Settings

The following settings are Scrapy Cluster specific. For all other Scrapy settings please refer to the official Scrapy documentation here.

Redis

REDIS_HOST

Default: 'localhost'

The Redis host.

REDIS_PORT

Default: 6379

The port to use when connecting to the REDIS_HOST.

REDIS_DB

Default: 0

The Redis database to use when connecting to the REDIS_HOST.

Kafka

KAFKA_HOSTS

Default: 'localhost:9092'

The Kafka host. May have multiple hosts separated by commas within the single string like 'h1:9092,h2:9092'.

KAFKA_TOPIC_PREFIX

Default: 'demo'

The Kafka Topic prefix to use when generating the outbound Kafka topics.

KAFKA_APPID_TOPICS

Default: False

Flag to send data to both the firehose and Application ID specific Kafka topics. If set to True, results will be sent to both the demo.outbound_firehose and demo.outbound_<appid> Kafka topics, where <appid> is the Application ID used to submit the request. This is useful if you have many applications utilizing your cluster but only would like to listen to results for your specific application.

KAFKA_BASE_64_ENCODE

Default: False

Base64 encode the raw crawl body from the crawlers. This is useful when crawling malformed utf8 encoded pages, where json encoding throws an error. If an error occurs when encoding the crawl object in the item pipeline, there will be an error thrown and the result will be dropped.

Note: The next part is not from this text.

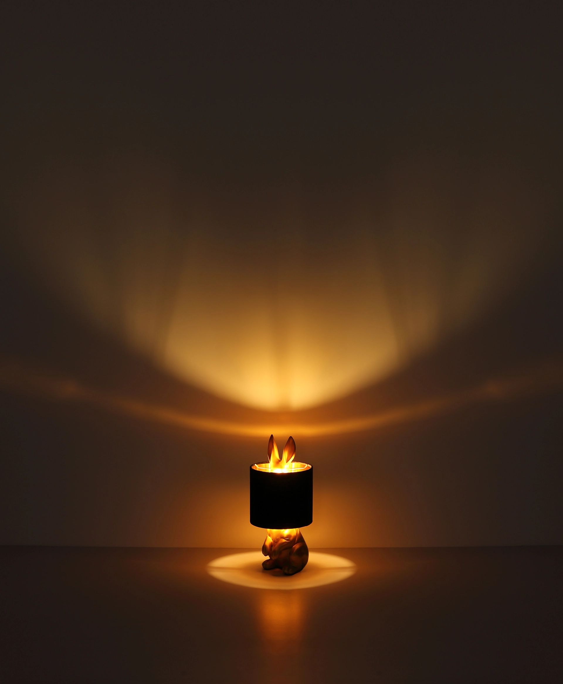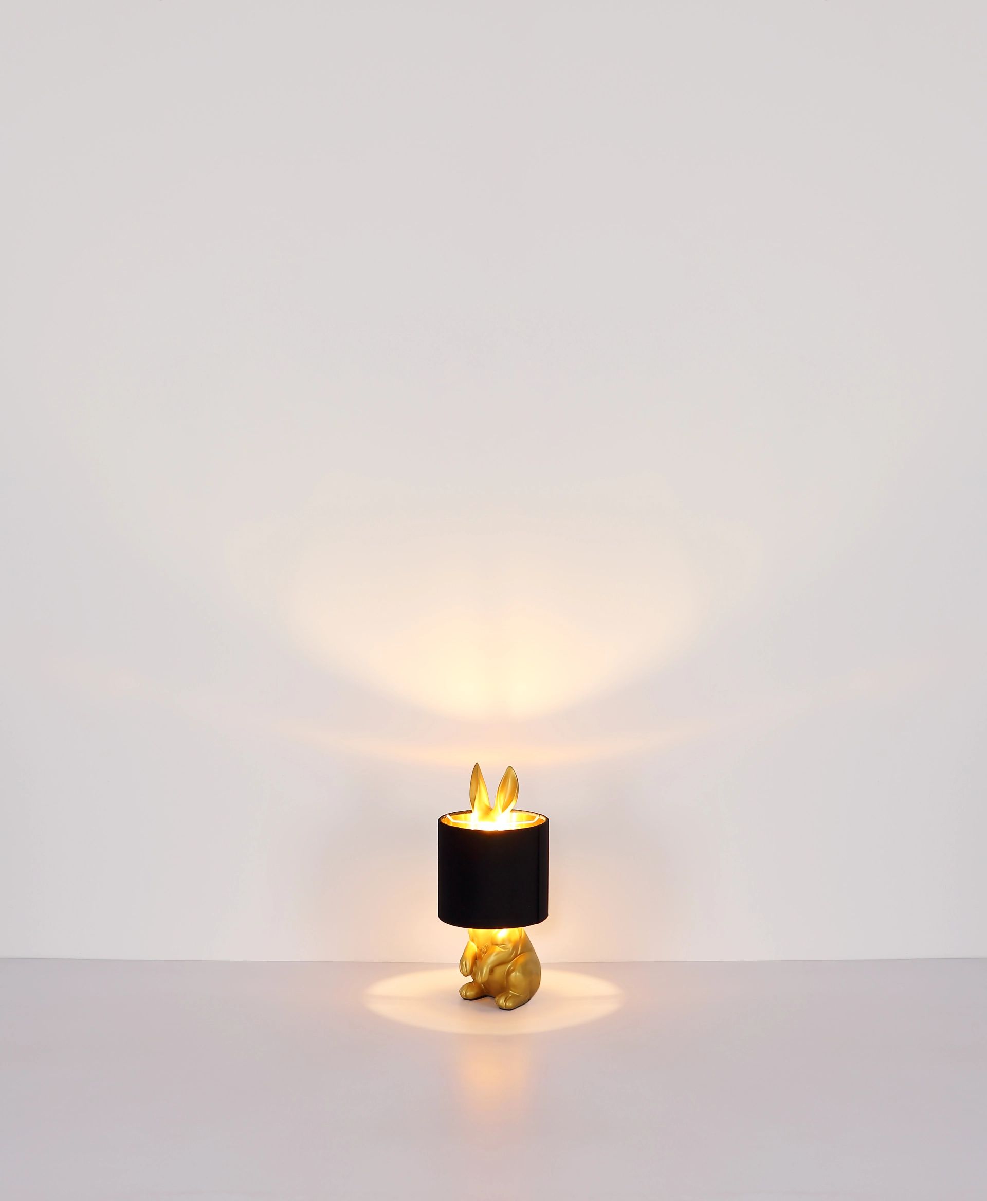 De RABBIT tafellamp is een unieke toevoeging aan elk interieur. Met zijn gouden konijn als basis en een stijlvolle zwarte fluwelen kap, brengt deze lamp zowel humor als elegantie in jouw ruimte. Het ontwerp is perfect voor liefhebbers van een speelse en verfijnde uitstraling. De lamp is geschikt voor E27 gloeilampen, die apart verkrijgbaar zijn.

KAFKA_PRODUCER_BATCH_LINGER_MS

Default: 25

The time to wait between batching multiple requests into a single one sent to the Kafka cluster.

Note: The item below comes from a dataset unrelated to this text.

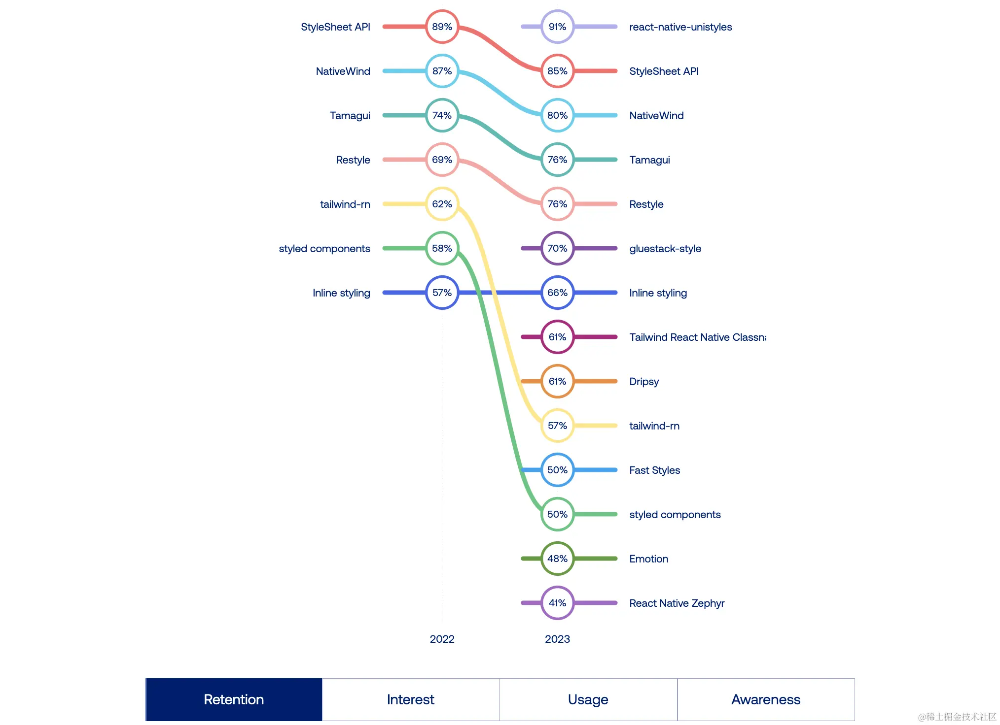 StyleSheet 仍然是最广泛使用的解决方案,但也有一些新兴的明星。Tamagui 的用户数量增长了三倍,而 NativeWind 正在日益受到欢迎,因为我们喜欢使用 Tailwind 来为跨平台应用程序添加样式。在这里,我们观察到一个有趣的趋势:一些开发者终于开始摆脱 StyleSheet,并找到了他们新的首选解决方案。

KAFKA_PRODUCER_BUFFER_BYTES

Default: 4 * 1024 * 1024

The size of the TCP send buffer when transmitting data to Kafka

Zookeeper

ZOOKEEPER_ASSIGN_PATH

Default: /scrapy-cluster/crawler/

The location to store Scrapy Cluster domain specific configuration within Zookeeper

ZOOKEEPER_ID

Default: all

The file identifier to read crawler specific configuration from. This file is located within the ZOOKEEPER_ASSIGN_PATH folder above.

ZOOKEEPER_HOSTS

Default: localhost:2181

The zookeeper host to connect to.

Scheduler

SCHEDULER_PERSIST

Default: True

Determines whether to clear all Redis Queues when the Scrapy Scheduler is shut down. This will wipe all domain queues for a particular spider type.

SCHEDULER_QUEUE_REFRESH

Default: 10

How many seconds to wait before checking for new or expiring domain queues. This is also dictated by internal Scrapy processes, so setting this any lower does not guarantee a quicker refresh time.

SCHEDULER_QUEUE_TIMEOUT

Default: 3600

The number of seconds older domain queues are allowed to persist before they expire. This acts as a cache to clean out queues from memory that have not been used recently.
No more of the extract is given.